I also wanted to go to the art school to find Qiao Tu directly, but I didn't have the courage, because I wasn't sure what Qiao Tu was thinking in his heart, it stands to reason that even if Chenchen didn't let her contact me. But if she had me in her heart, she would definitely contact me secretly, and she wouldn't have become so "indifferent" all of a sudden, but she didn't pay attention to me for so many days, which means that she has also made up her mind in her heart, that is, she has cut off contact with me, since this is the case, why should I go to her?

I just feel a little sorry in my heart.,A little uncomfortable.,Seeing that I have hope with Qiao Tu.,But it's so shattered.,In fact, this feeling is the most uncomfortable.,It's better not to give me hope at the beginning.,After Qiao Tu didn't chat with me,I and Xia Yu gradually chatted hot again.,Xia Yu also asked me and Qiao Tu what is going on now.,She said why didn't you see me go to Qiao Tu or Gao Meng to play with them on the weekend.,I don't know how to tell Xia Yu.,I can't say that Qiao Tu doesn't care about me now, right?

As for Chen Yajing, if there is nothing to do during this time, she basically doesn't talk to me, I feel that it's because the window paper was pierced before, so the two of me caused this, as for what she said about trying to get along with the man in the junior year or something, I don't know about these, I asked Xia Yu, Xia Yu said that Chen Yajing didn't have the heart to deal with the man, she also joked with me, in fact, Chen Yajing is a lesbian, she likes women, don't joke, if it wasn't for me, I knew that Chen Yajing liked me before, Then I must also think that Chen Yajing may like women, otherwise why hasn't she been in love for so many years? And I'm closest to the sisters around me, and I'm rarely close to men, except for me.

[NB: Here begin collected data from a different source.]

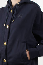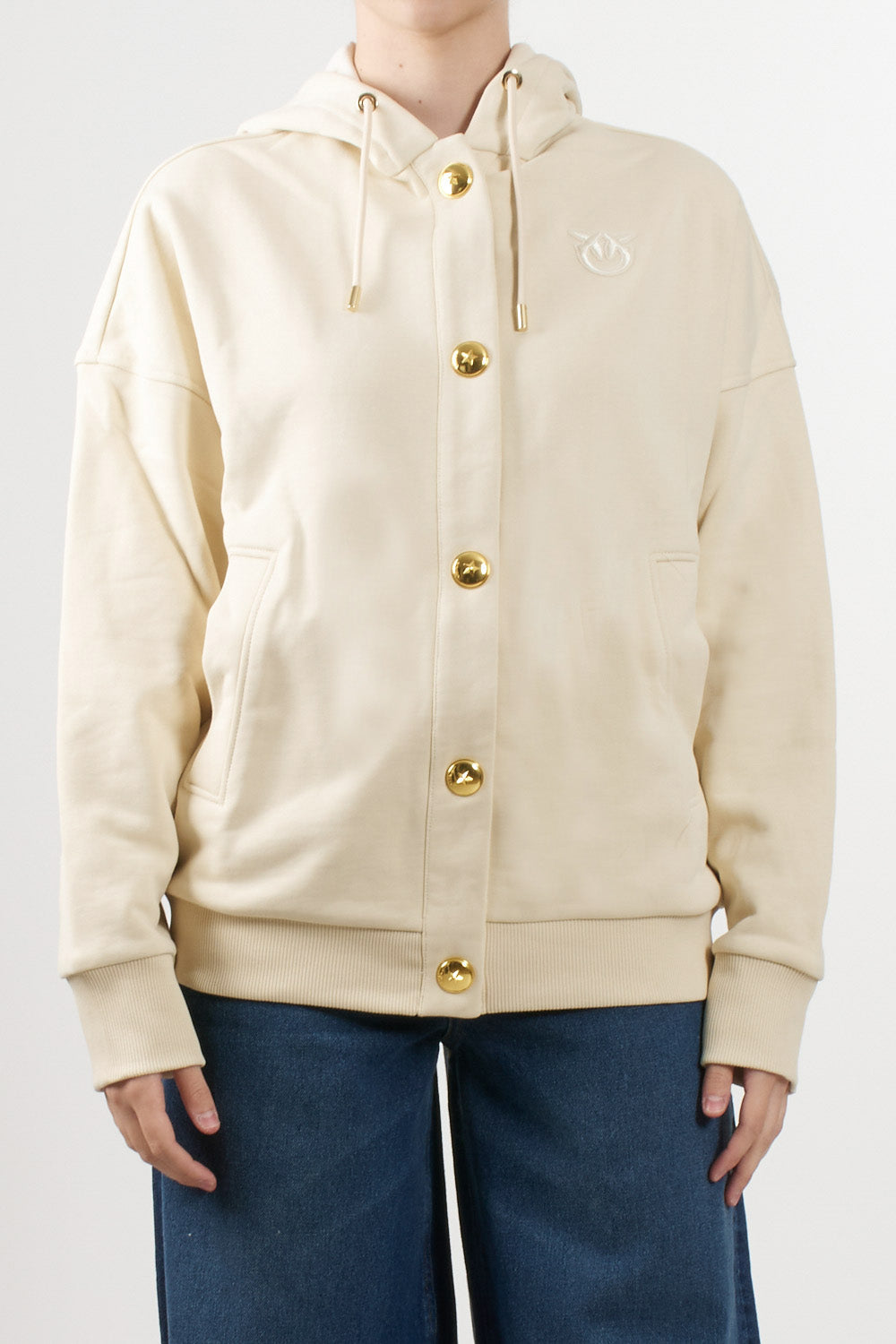 Cardigan con cappuccio dal taglio rilassato di Pinko, bottoni dorati logati ,tasche laterali inserite , fondo e polsini a costine ,logo Pinko tono su tono ricamato sul petto.
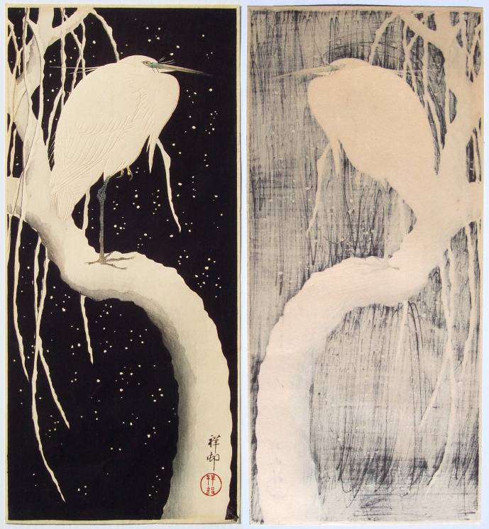 Unquestionably Koson's finest "kacho-e" image. Quoting: "Richard Illing describes the print as 'a masterpiece of graphic art'....one of the most highly valued designs by Koson." Rarely available--quite nice condition. |
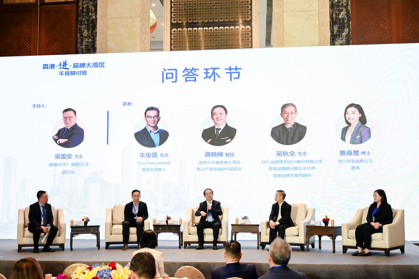 午餐研讨会邀得深圳大学粤港澳大湾区新兴产业发展研究院院长龚晓峰教授解构深入探讨新质生产力对提升品牌影响力的重要性;MCL品牌策划设计顾问有限公司首席品牌顾问暨总设计师兼香港品牌发展局顾问吴秋全先生分享掌握品牌形象学心法;接着,You Find Limited董事及创辨人朱俊昌先生讲解如何利用人工智能技术提升品牌的营销效率;最后由信山实业有限公司董事詹嘉慧博士分享香港品牌「b-MOLA」如何融合科技与品牌。活动邀请了约300位来自香港特区政府、行业协会、香港企业,以及于大湾区发展的香港初创公司代表进行交流。
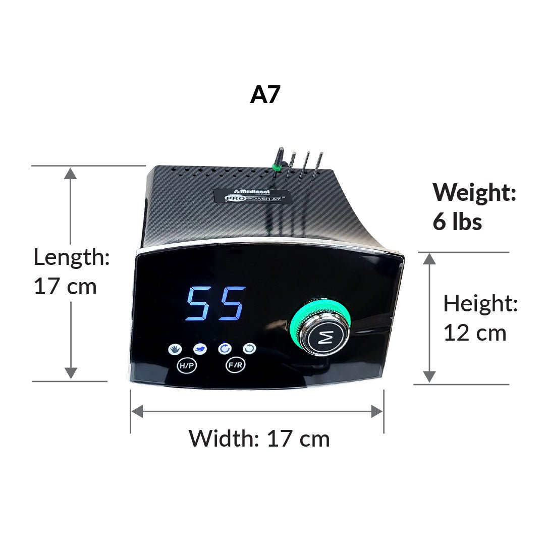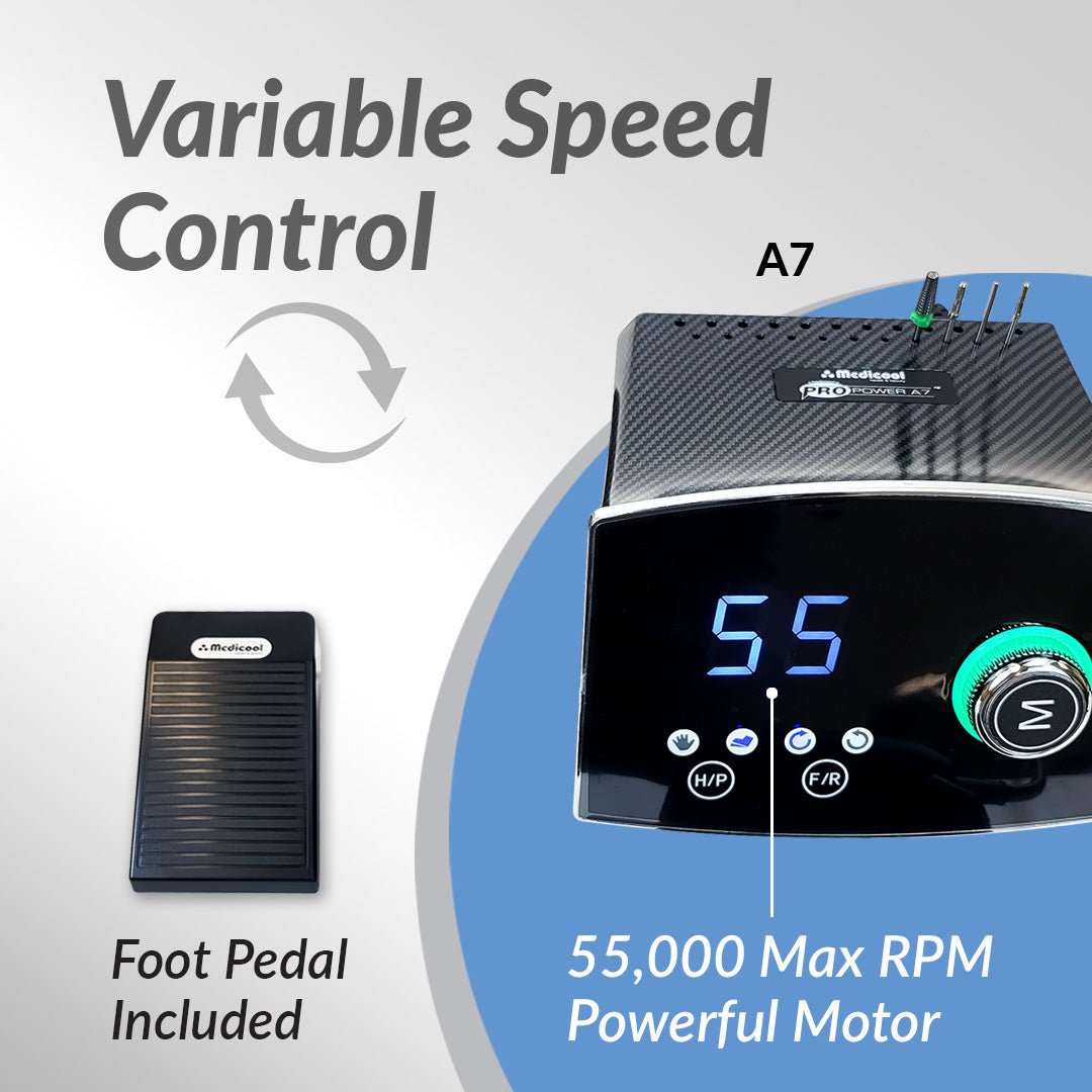 Medicool’s Pro Power A6 & A7 Lab Handpieces have Brushless Motor Technology with 8.8 Ncm Torque, 1000 - 55,000rpm with a lightweight Micromotor, forward and reverse direction, and a digital Speed Control Display. Includes a Variable Speed Foot Control Pedal and can be used anywhere in the world (110v-240v).
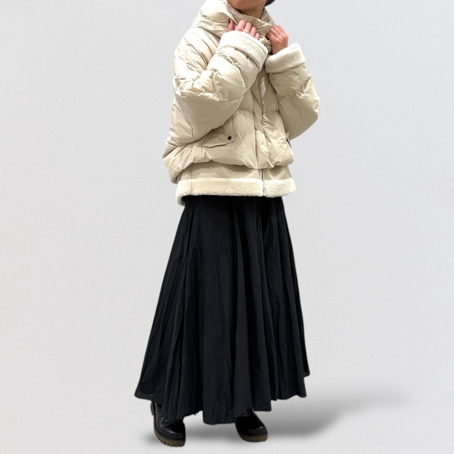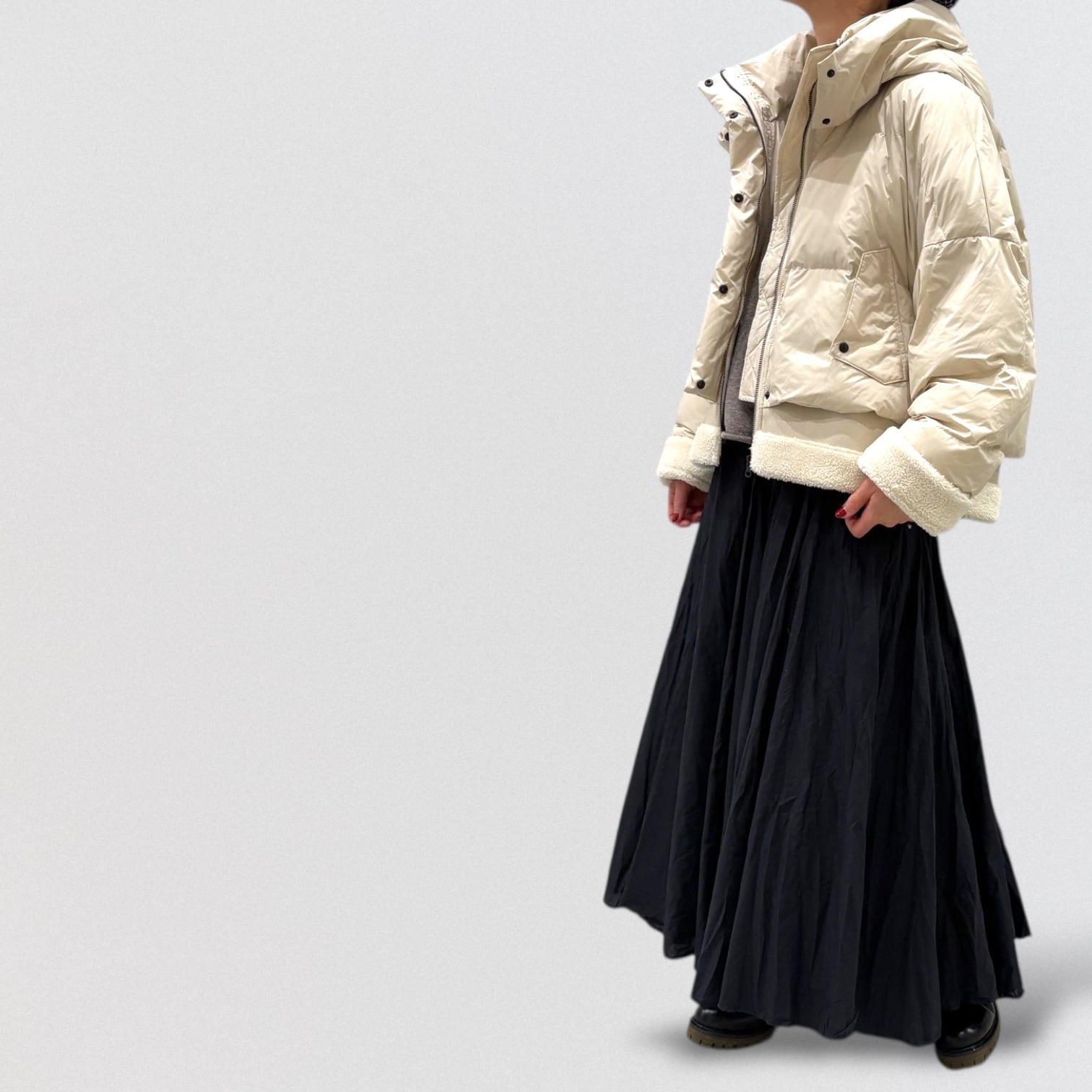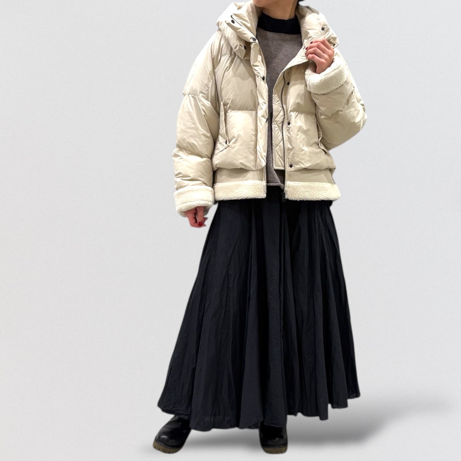 軽さと暖かさはしっかりと、首元をカバーするフォルムと袖口のムートンで真冬にも安心です。
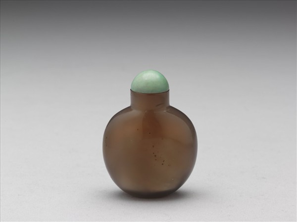 瑪瑙鼻煙壺,直圓口,削肩,壺身扁平,圓腹而無足;色呈淺褐半透明,通體光素,帶綠松石蓋,缺匙。
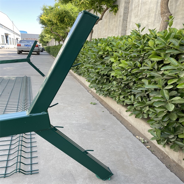 立柱:60*80mm,80*80mm,80*100mm,100*100mm等矩形鋼,頂部焊有V型之架,用以架設(shè)蛇腹形刀刺網(wǎng).
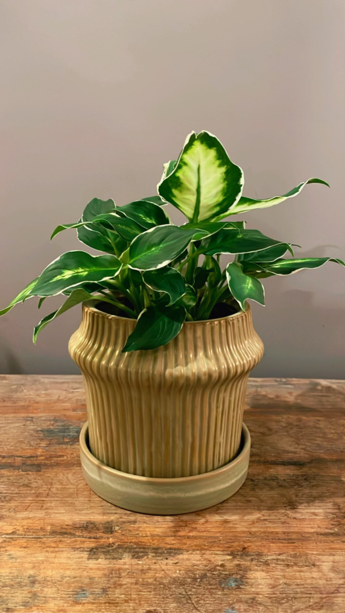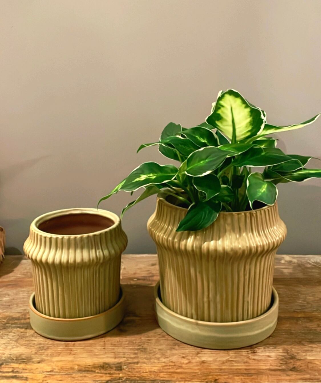 鉢のストライプ模様はさりげなく、
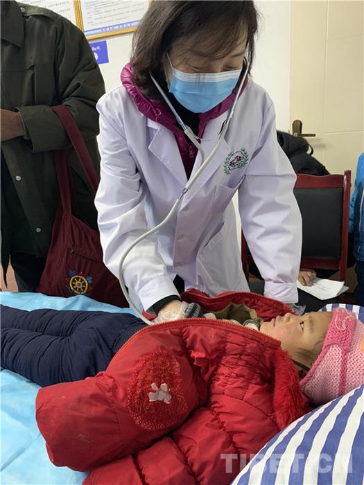 正在檢查按部就班進行時,診室內(nèi)突然迎來了一位特殊的小客人,她就是之前通過“光彩o民生銀行西藏兒童先心病救治項目”接受救治的患兒旦增卓拉。旦增卓拉的家長聽說工作組來到了類烏齊縣,特意帶著孩子來請專家復查,并且想當面對工作組表示感謝。
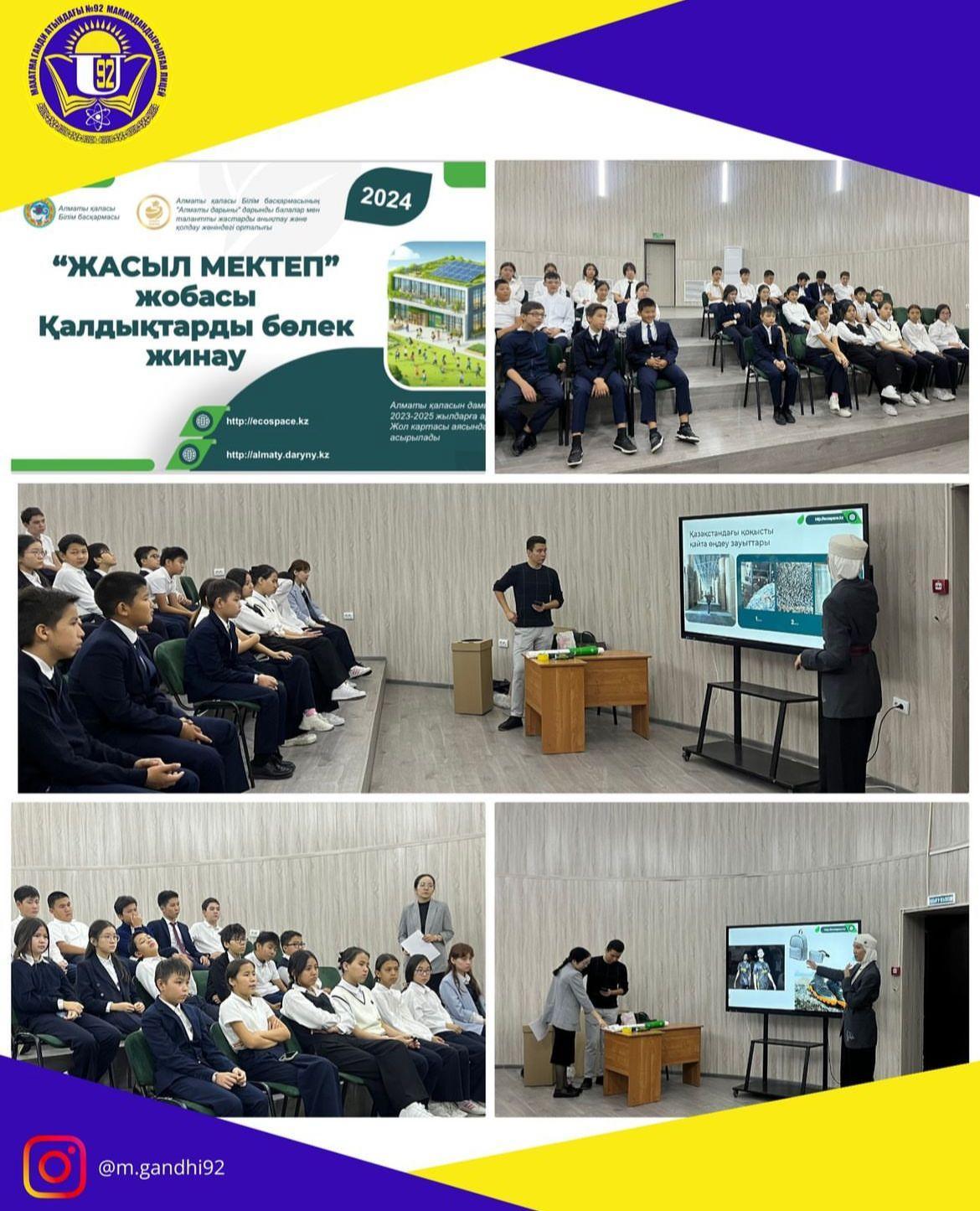 Махатма Ганди атындағы №92 мамандандырылған лицей оқушыларына «Жасыл мектеп» жобасы аясында «Қалдықтарды бөлек жинау» тақырыбында дәріс өтіліп, түсіндірме жұмыстары жүргізілді.
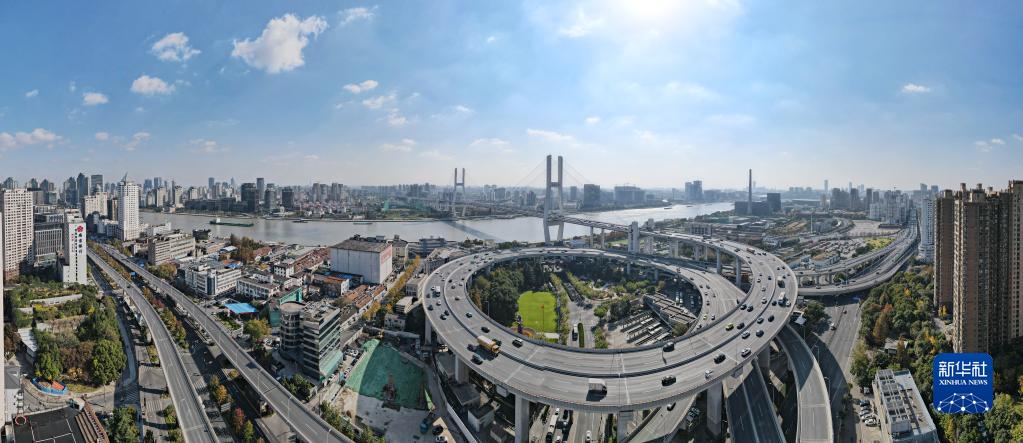 12月1日拍攝的上海南浦大橋(無(wú)人機(jī)全景照片)。
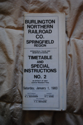 Burlington Northern Springfield Region 2 January 1, 1983.

Let's talk about Jingwei again, after Jingwei was discharged from the hospital, I saw him a few times at school, basically he avoided it as soon as he saw me, it seems that the relationship between Brother Lei was really hard, and he put pressure on him, he and Xia Yu don't seem to have any contact at all now, and they are completely broken up, but I still don't feel solid in my heart, after all, Jingwei knows about my dad, I feel like a time bomb, sooner or later it will explode, it's just a matter of time.

Time passed day by day, and it seemed that it was May Day, and I didn't plan to go back on May Day, after all, Guan Qingqing was going to get engaged, and if I went back, I wouldn't go to her engagement banquet, it would be a bit too much, but two days before May Day, Chen Chong called me, and he said that he was also going to get engaged on May Day, so let me go back.